The VALOR V fellows visited the Shenandoah Valley in March due to COVID altering our schedule. To us, the altered timing was par for the course for agriculturists managing their operations during this challenging year. It signified the ability of the group to be resilient and know that the changes in schedules didn’t impact the learning, rather it made the learning that much more memorable.

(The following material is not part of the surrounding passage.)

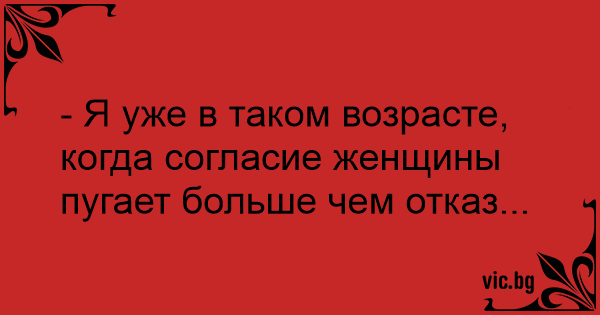 - Я уже в таком возрасте, когда согласие женщины пугает больше чем отказ...<br />

My takeaways were the lessons learned from an already changed (and ever changing) world of agriculture. Two dairies, two huge changes in the way they operate—Rainbow trout with the Leech family and robots with the Heatwole family. Locally grown cut flowers to grace the palettes of brides and beyond, already a recognition of the opportunities in a pre-COVID world. Ag inputs and trucking morphed into a business model shaped by the talents of its member-owners. Sweet syrup and plentiful timber from the resilient Highland County producers. Energy opportunities to power the valley for years to come.

All of these companies recognized the changing markets. Some were days in the making as with Harmony Harvest Flowers pivoting to online-sales direct to consumers. Others were years in the making as with the Houff businesses continually tweaking their operation until that next big opportunity presented itself.

What made these operations stand out was their roots-strong and deep. The Valley is known as the breadbasket of the state for its ag production. Its fertile soil provides food for communities far and wide. This area also produces the strong leaders whose deep character withstands the changing environment of this world.